LISTED RECORDS:
*** Block opens ***
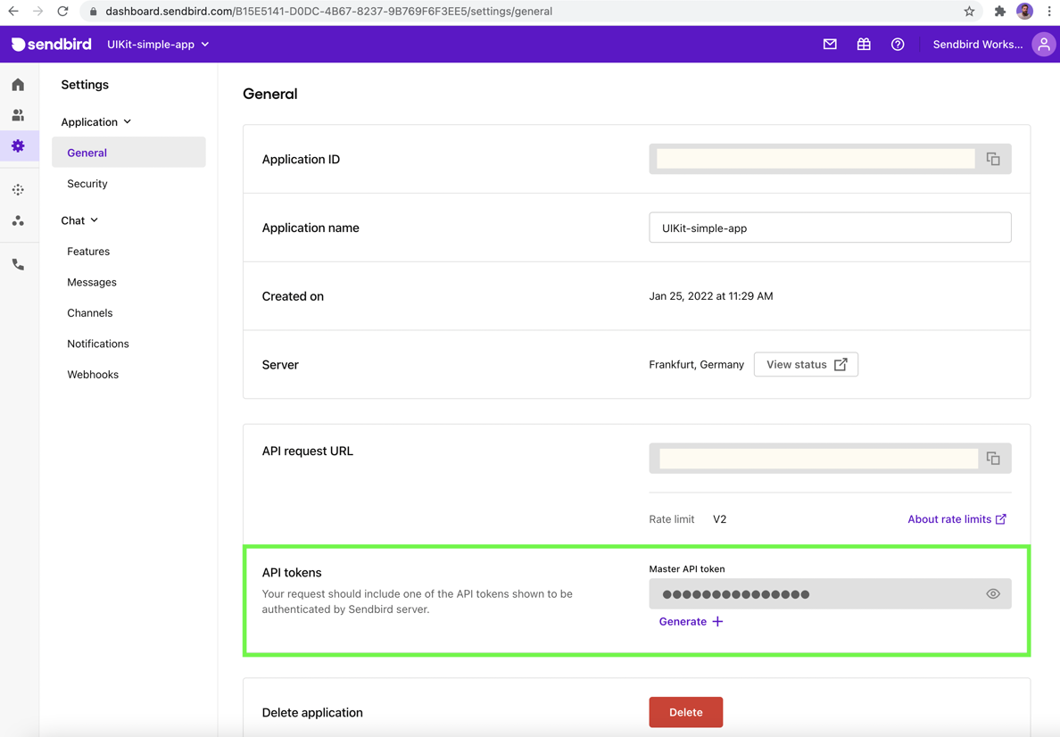 In order to make requests with this SDK you will need you master API token. This can be found through the Sendbird dashboard. Each app you create in Sendbird has its own master api token. These tokens can be found in Settings > Application > General.
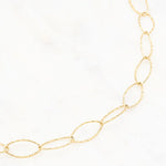 Collier réglable sur chaîne type sautoir composé de maillons ovales texturés.
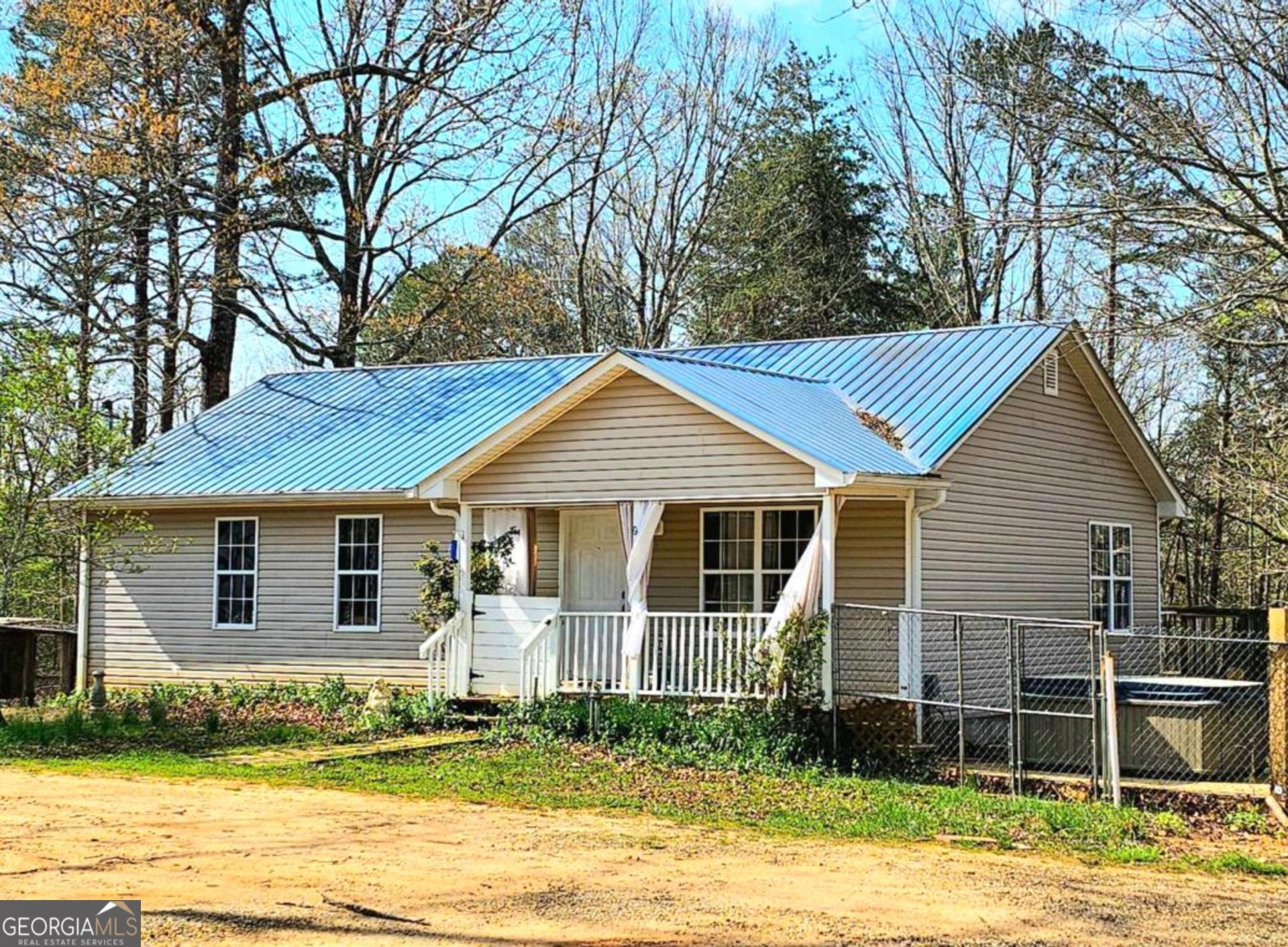 This charming ranch-style home offers 3 bedrooms and 2 bathrooms, all on one level, and is set on a private, wooded 0.76-acre lot. The living area flows seamlessly into the kitchen and dining space, creating a comfortable layout that makes the most of the home's square footage. From the kitchen, step out onto the back deck overlooking the yard-a perfect spot for enjoying the quiet natural setting. The inviting front porch adds to the home's curb appeal and provides a welcoming entry. Practical features include a pull-through driveway for easy access and additional parking. The wooded lot provides privacy while still keeping you close to nearby conveniences, blending a peaceful retreat with accessibility. Note: The deck is currently being finished with stairs and railing.
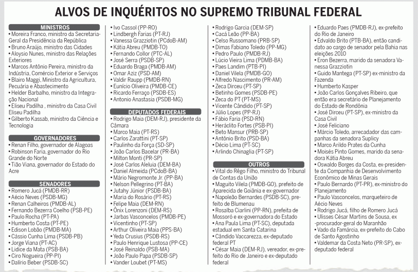 Entre os alvos de investigação estão os presidentes do Senado, Eunício Oliveira (PMDB-CE), e o da Câmara, Rodrigo Maia (DEM-RJ). Outros nomes do Rio sob investigação são os deputados federais Pedro Paulo (PMDB) e Júlio Lopes (PP), além do senador Lindbergh Farias (PT). César Maia (DEM) está no mesmo inquérito do filho. O ex-prefeito do Rio Eduardo Paes (PMDB), no mesmo inquérito de Pedro Paulo.
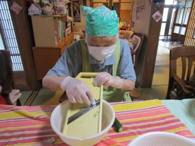 父も きゅうりをスライスして
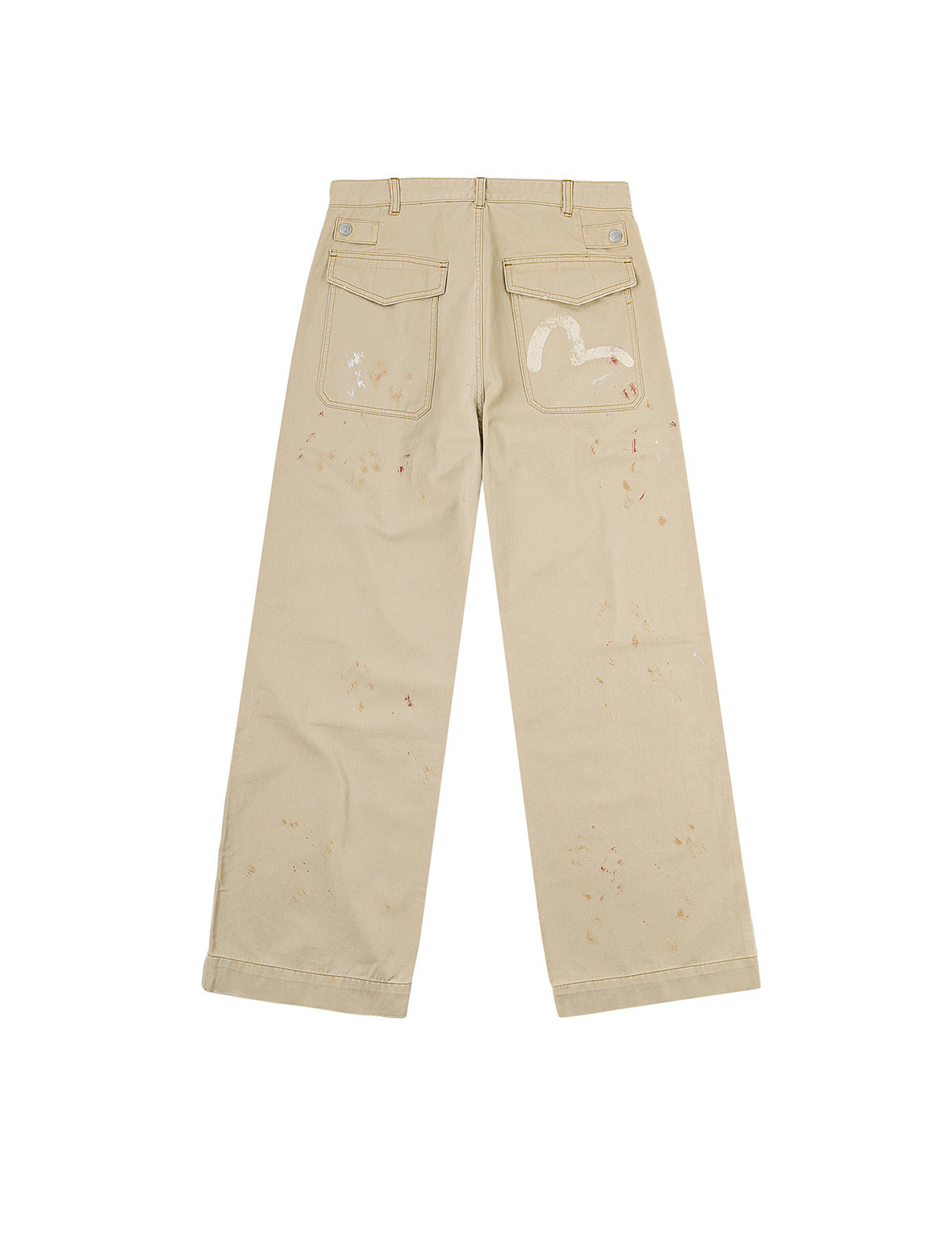 2EAEJM5PT6120RXCT These flight pants are the new trendsetters, radiating avant-garde artistic vibes! Inspired by military pilot trousers, they feature a splash-ink design that exudes carefree creativity. Practical yet stylish rear patch pockets and a distinctive seagull print add unique personality. Slip them on to perfectly blend ruggedness with fashion. - Relax fit - 100% Cotton - Splash-ink design - Hand-painted seagull print - Button fly, multi-pockets
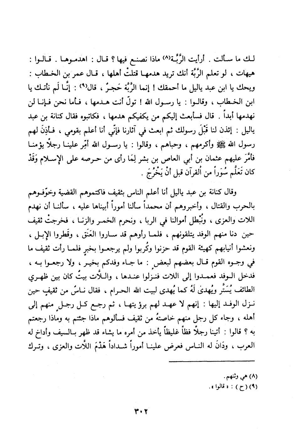 وَيْحَكَ يَا ابْنَ عَبْدِ يَالِيلَ مَا أَحْمَقَكَ! إِنَّمَا الرَّبَّةُ حَجَرٌ، قَالَ [ (9) ] : إِنَّا لَمْ نَأْتِكَ يَا ابْنَ الْخَطَّابِ، وَقَالُوا: يَا رَسُولَ اللهِ! تَوَلَّ أَنْتَ هَدْمَهَا، فَأَمَّا نَحْنُ فَإِنَّا لَنْ نَهْدِمَهَا أَبَدًا. قَالَ فَسَأَبْعَثُ إِلَيْكُمْ مَنْ يَكْفِيكُمْ هَدْمَهَا، فَكَاتَبُوهُ فَقَالَ كِنَانَةُ بْنُ عَبْدِ يَالِيلَ: ائْذَنْ لَنَا قَبْلَ رَسُولِكَ ثُمَّ ابْعَثْ فِي آثَارِنَا فَإِنِّي أَنَا أَعْلَمُ بِقَوْمِي، فَأَذِنَ لَهُمْ رَسُولُ اللهِ صَلَّى اللهُ عَلَيْهِ وَسَلَّمَ وَأَكْرَمُهُمْ، وَحَبَاهُمْ، وَقَالُوا: يَا رَسُولَ اللهِ أَمِّرْ عَلَيْنَا رَجُلًا يَؤُمُّنَا فَأَمَّرَ عَلَيْهِمْ عُثْمَانَ بْنَ أَبِي الْعَاصِ بْنِ بِشْرٍ لِمَا رَأَى مِنْ حِرْصِهِ عَلَى الْإِسْلَامِ وَقَدْ كَانَ تَعَلَّمَ سُوَرًا مِنَ الْقُرْآنِ قَبْلَ أَنْ يَخْرُجَ.
*** Block closes ***
WORK TASK: Repeat only the stretch of data above that runs from the line with "父も きゅうりをスライスして" to the line with "2EAEJM5PT6120RXCT These flight". Keep both end lines; exclude pictures.

OUTPUT:
 父も きゅうりをスライスして
 2EAEJM5PT6120RXCT These flight pants are the new trendsetters, radiating avant-garde artistic vibes! Inspired by military pilot trousers, they feature a splash-ink design that exudes carefree creativity. Practical yet stylish rear patch pockets and a distinctive seagull print add unique personality. Slip them on to perfectly blend ruggedness with fashion. - Relax fit - 100% Cotton - Splash-ink design - Hand-painted seagull print - Button fly, multi-pockets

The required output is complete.